- **DATASET ENTRIES**:
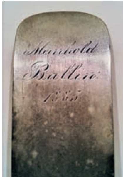
Abb. 3: Silberner Tafellöffel mit der Gravur „Meinhold Ballin 1885“, Heimatmuseum Duderstadt.

Es gibt keine Geber- oder Eingangsdaten zu dem Löffel im Museum, der die Einordnung des Erwerbs stützen könnte. Der Anfangsverdacht liegt unter anderem darin begründet, dass Juden alle Gegenstände aus Edelmetall bis zum 31. März 1939 abliefern mussten, wie eingangs am Beispiel Hamburg erwähnt wurde. Ein verfolgungsbedingter Eingang des Löffels ist demnach nicht auszuschließen.
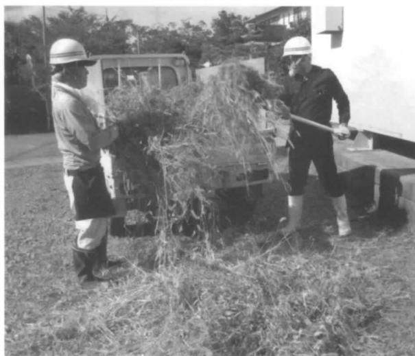
除草作業 おつかれさまです

電友あさか会と退職者の会共催の親睦旅行は数日前に降った雪が少し残る中、1月26日に実施しました。今年の旅先は2年前に行った矢吹町にある、「割烹温泉観音湯」です。今回は過去最多の30名の参加者となり、又参
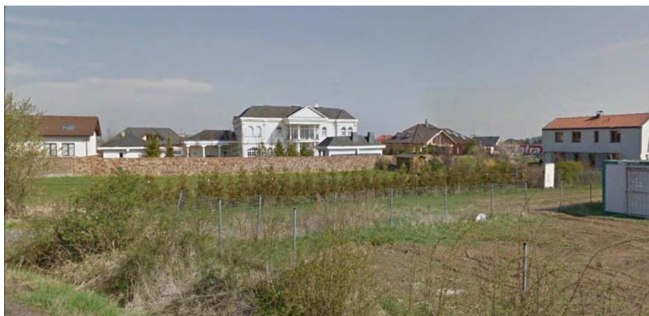
příklad výstavby bez regulace architektonických podmínek

plochy, výška zástavby, počet nadzemních a podzemních podlaží, typ střechy) a v neposlední řadě architektonické podmínky (architektonický výraz stavby). V Regulačním plánu jsou popsány architektonické podmínky zajišťující jednotný výraz stavby (volbou použitých přírodních materiálů, volbou použitých barevných odstínů na fasádách objektů a zařazením mezi architektonické styly/výrazy – minimalismus a organická architektura). Architektonický výraz stavby považuje regulační plán při rozhodování v území za zásadní, díky jasně definovaným podmínkám se Regulační plán snaží předejít nestejnorodému, roztržitěnému architektonickému řešení jednotlivých objektů.

- **WORK TASK**: Set down exactly the lines beginning at the one that holds "příklad výstavby bez" and ending with the last line of the data.

- **ANSWER TO THE PROBLEM**:
příklad výstavby bez regulace architektonických podmínek

plochy, výška zástavby, počet nadzemních a podzemních podlaží, typ střechy) a v neposlední řadě architektonické podmínky (architektonický výraz stavby). V Regulačním plánu jsou popsány architektonické podmínky zajišťující jednotný výraz stavby (volbou použitých přírodních materiálů, volbou použitých barevných odstínů na fasádách objektů a zařazením mezi architektonické styly/výrazy – minimalismus a organická architektura). Architektonický výraz stavby považuje regulační plán při rozhodování v území za zásadní, díky jasně definovaným podmínkám se Regulační plán snaží předejít nestejnorodému, roztržitěnému architektonickému řešení jednotlivých objektů.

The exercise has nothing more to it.